Турецкий остановился, чтобы поймать такси. Придерживая девушку за локоть, продолжил:
— Надеюсь, вы не ужинали дома вареной картошкой с жареной колбасой? Надеюсь, вы голодны? И надеюсь также, что вы страстно желаете пригубить бокал настоящего шампанского. Ибо сегодня мы посетим с вами одно из любимых мною заведений.
— Питейных? — догадалась Настя.
— Увы, — признался Турецкий, усаживая ее в такси и размещаясь рядом. — На Гашека, пожалуйста, — это водителю.
И, повернувшись к девушке, положил ладонь на ее узкую, прохладную руку:
— Видите ли, Настенька, конечно, мы могли бы отправиться с вами в театр. В драматический или в оперу… Вы любите театр? Любите ли вы театр так, как люблю его я? — с напором народной артистки Дорониной воскликнул Турецкий.
— Да, я люблю его со всем жаром, на который способна пылкая молодость, — испуганно отрапортовала Настя.
— А оперу?
— И оперу люблю.
— Какую же оперу вы любите больше всего?
— «Хованщина», — тут же выстрелила Настя.

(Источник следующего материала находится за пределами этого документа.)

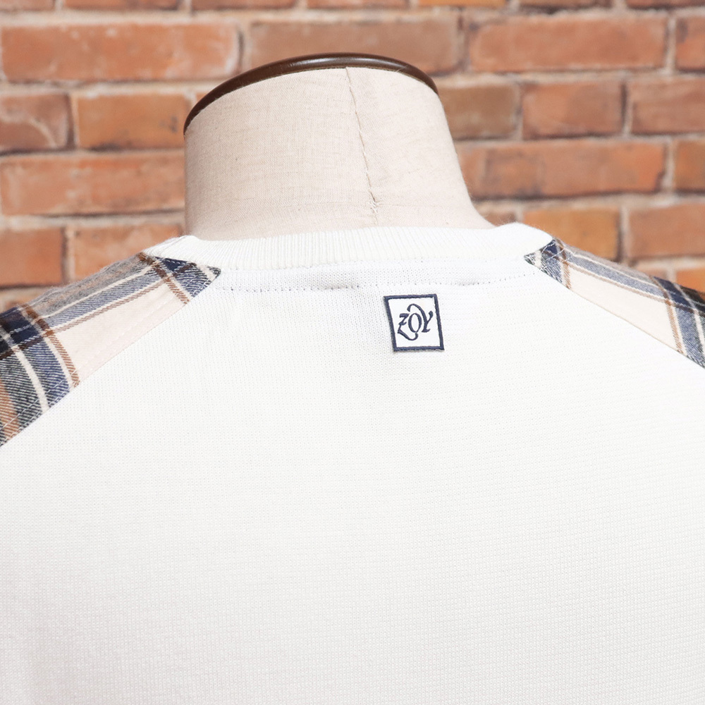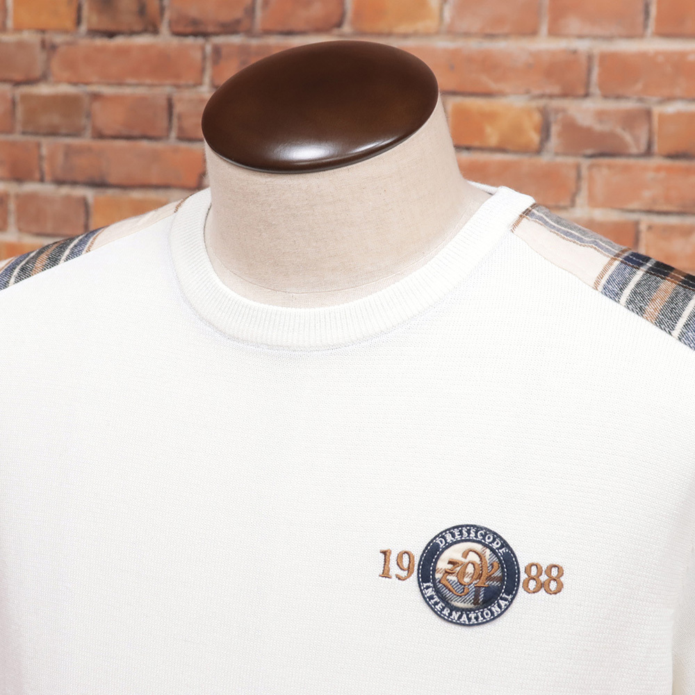 チェック生地の切り替えデザインが印象的なクルーネックニット。表面には撥水加工糸「Proof PLUS(プルーフプラス)」、裏面には東レのセラミック練り込み素材「ダイナホット」を使用した「ホットレイ」をプレーティング。薄手ながらも高い機能を備えた仕上がりです。

«М-да, это молодое дарование мне, пожалуй, не переиграть, — отметил про себя Турецкий, — да и нужно ли? Что это ты, Саня, фиглярствуешь? Что ты суетишься, как маньяк над жертвой? Не уверен в своих силах?»
Он продолжил нормальным, «человеческим» голосом:
— Так вот. Я мог бы пригласить вас в театр, но там ведь не поговоришь толком. Задние начнут шипеть и тыкать в спины, передние — оборачиваться и грозить пальчиком. Хотя и тем и другим гораздо интереснее слушать, о чем шепчемся мы с вами, чем следить за действием на сцене. Люди — народ любопытный. Нет, знакомиться лучше всего за столом.
— Вообще-то мы познакомились в машине, — рассмеялась Настя.
— Это так, это предварительно. Мы же за глубокие знания по предмету, так? Кстати, как учеба?
— Все в порядке. В деканат вас пока не вызывают.
— Это радует. Мне было бы неприятно слышать, что Вересова Анастасия — легкомысленная особа, не уделяющая должного внимания учебе. Я был бы огорчен.
— Откуда вы знаете мою фамилию?
— Это все, что вас удивляет?
Он развернул ее ладонь, принялся внимательно рассматривать.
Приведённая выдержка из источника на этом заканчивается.